Neighbours to battle nursing home conversion

PUBLISHED: 11:00 13 August 2012

Rydenwood former nursing home, could be develped into affordable homes.

Rydenwood former nursing home, could be develped into affordable homes.


TWENTY-FIVE new affordable homes could be created at the site of a former Weston nursing home – unless neighbours manage to block the plan.

The Victorian-built Ryddenwood, in Bristol Road Lower, is currently subject to a planning bid to convert to 19 new homes, with six extra to be built in the grounds.

The property, close to Ashcombe Park, was originally a private home, but was later divided into flats and then converted into a nursing home in the 1980s.

The site has been empty for the past five years.

However, the latest application to 25 flats has provoked strong opposition from neighbours, with almost 30 formal objections logged with North Somerset Council by the time the Mercury went to press.

Objections relate to increased volume of traffic, loss of privacy for neighbours, and the fact a previous version of the application was for around half the number of homes now wanted.

One objector, Simon Tottle, said: “The high volume increase, whether it be social housing or not, will swamp the low density housing footprint that currently exists.

“Increased traffic, parking and noise pollution are just the tip of the iceberg for this badly thought plan, and any physical change to the beautiful facades of these elegant buildings would be corporate vandalism.”

A number of residents have also criticised the council for failing to properly notify them of the proposal.

Ward councillors for the area – John Crockford-Hawley, Mark Canniford and Robert Payne – have called in the application to be decided by committee rather than planning officers.

Cllr Crockford-Hawley said he felt the plan was ‘both sensitive and controversial’ and needed to be ruled upon by elected members.

However, Beachlands Developments Ltd, the firm behind the proposals, says it is making efforts to ensure the new development compliments the neighbourhood.

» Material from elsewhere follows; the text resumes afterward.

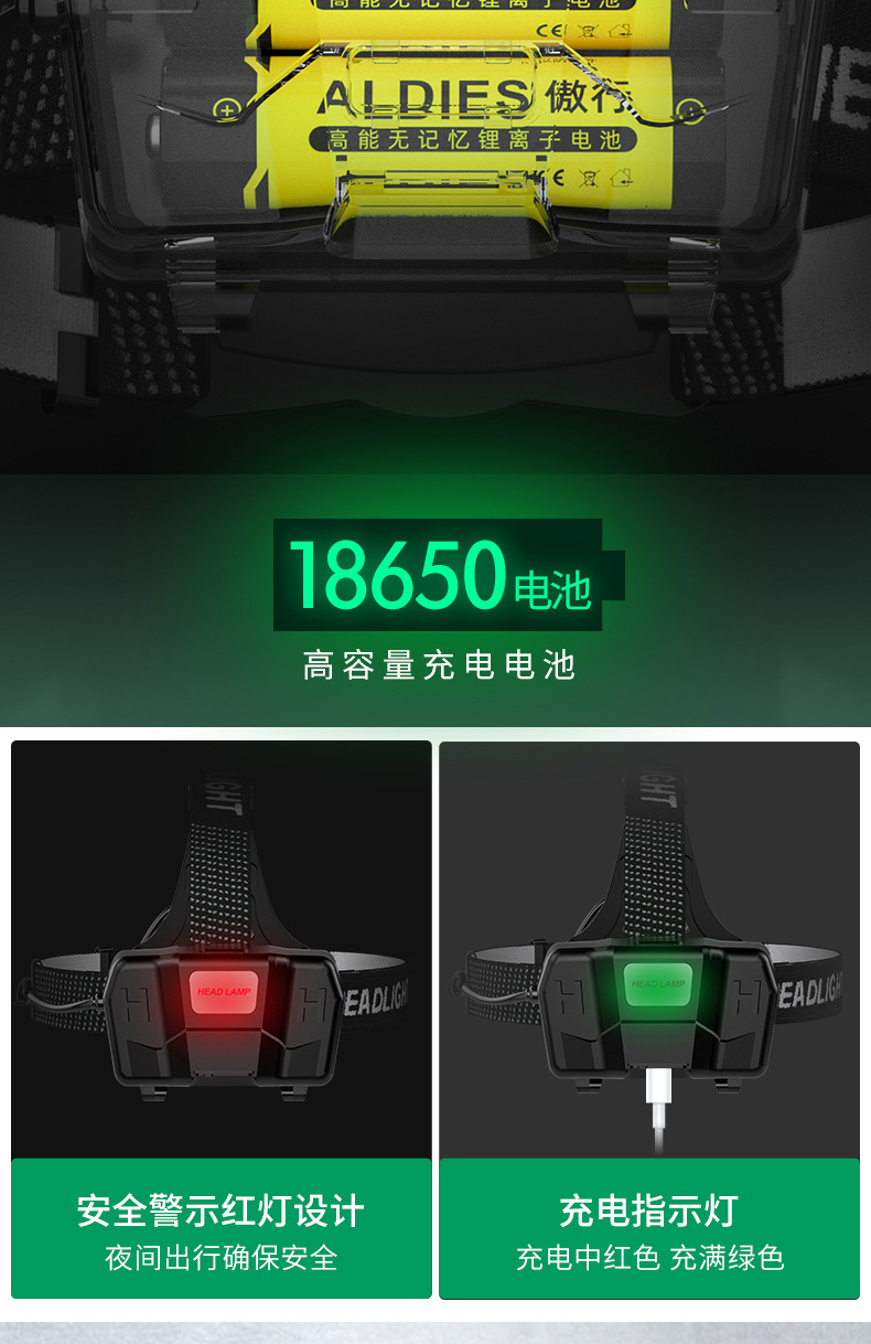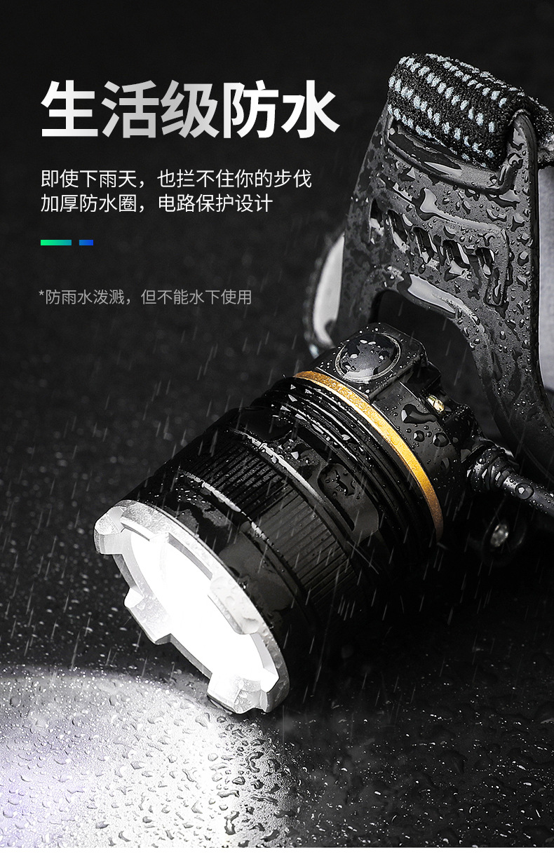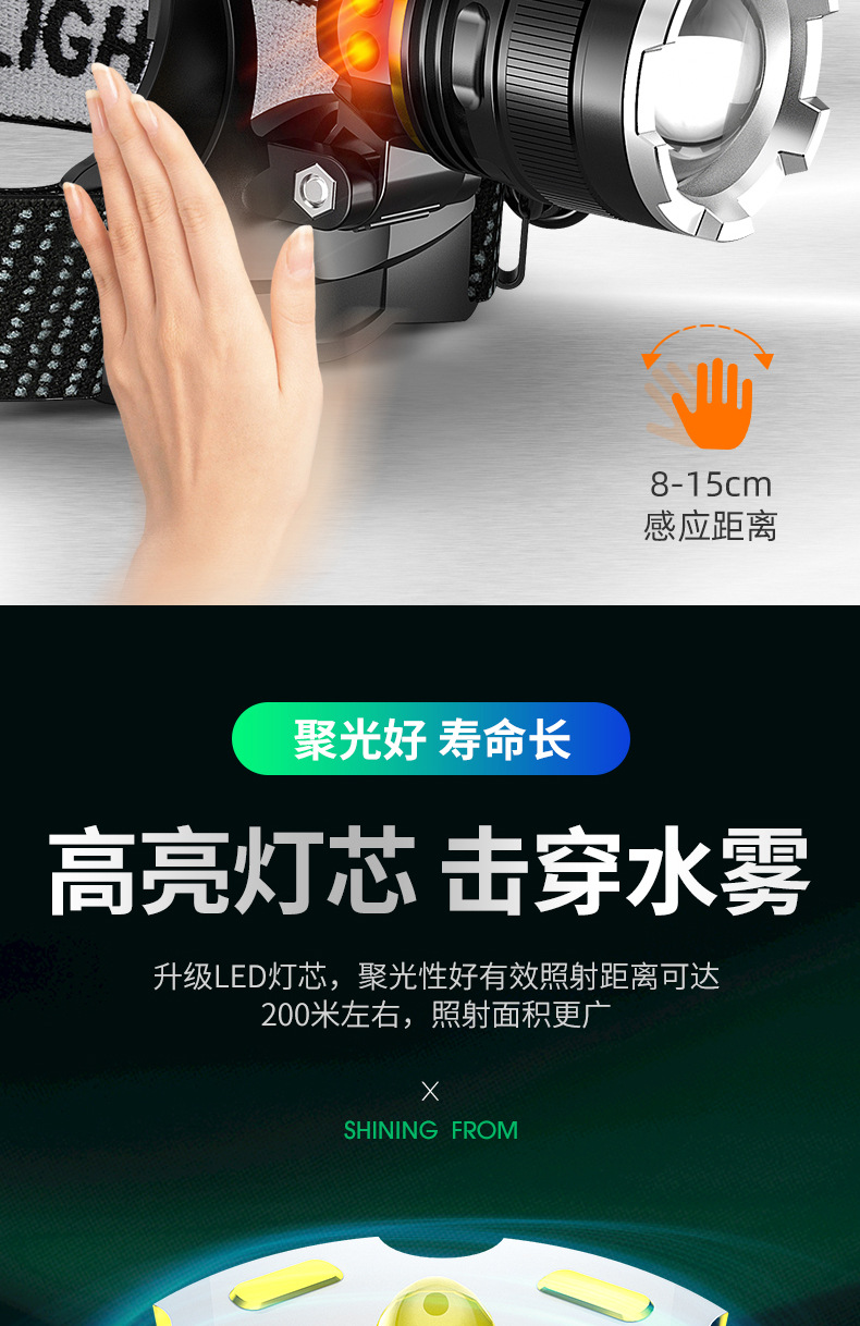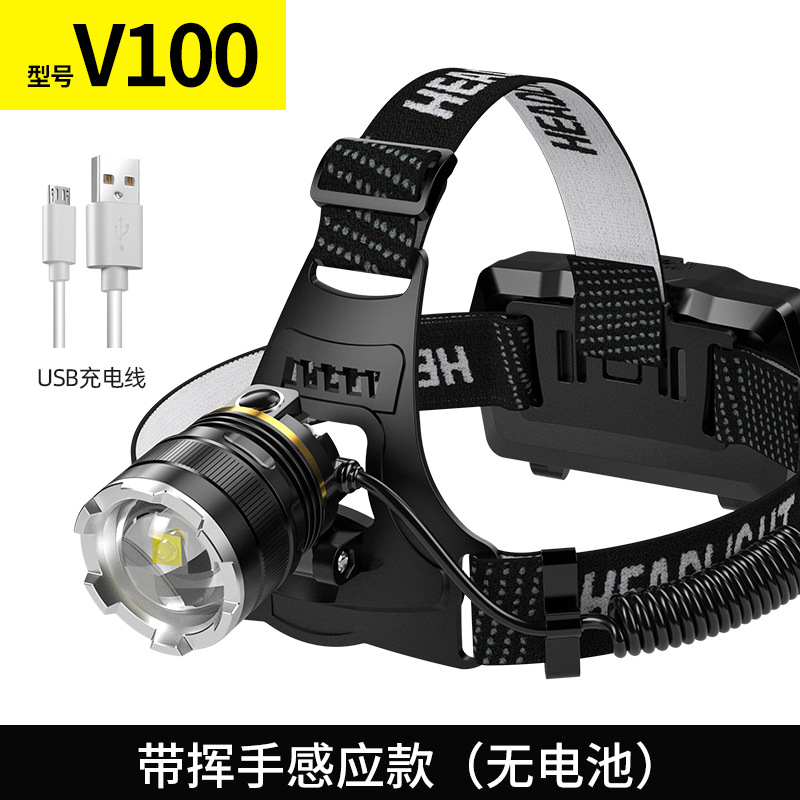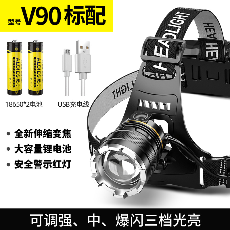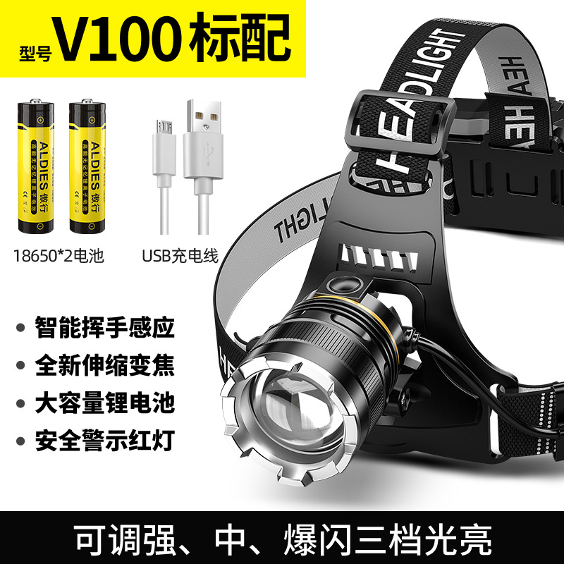 LED 듀얼 리튬 배터리 감지 줌 기능 강한 빛 충전식 야간 낚시용 헤드램프 강한 빛 줌 기능

Its application says: “Local policies require that new development takes account of the immediate context within which it will be situated, accessibility, safety and security, layout and form, building exteriors and elevations, landscape treatment and environmental impact.

“Not only will the proposed new elements of the scheme accord with scale, height, massing and proportion of adjacent properties, but also the proposed materials accord with those used within the immediate area.

“These elements will ensure the scheme provided a positive and sensitive addition to the street scene.”

The council’s south area committee is likely to rule on the application in either September or October.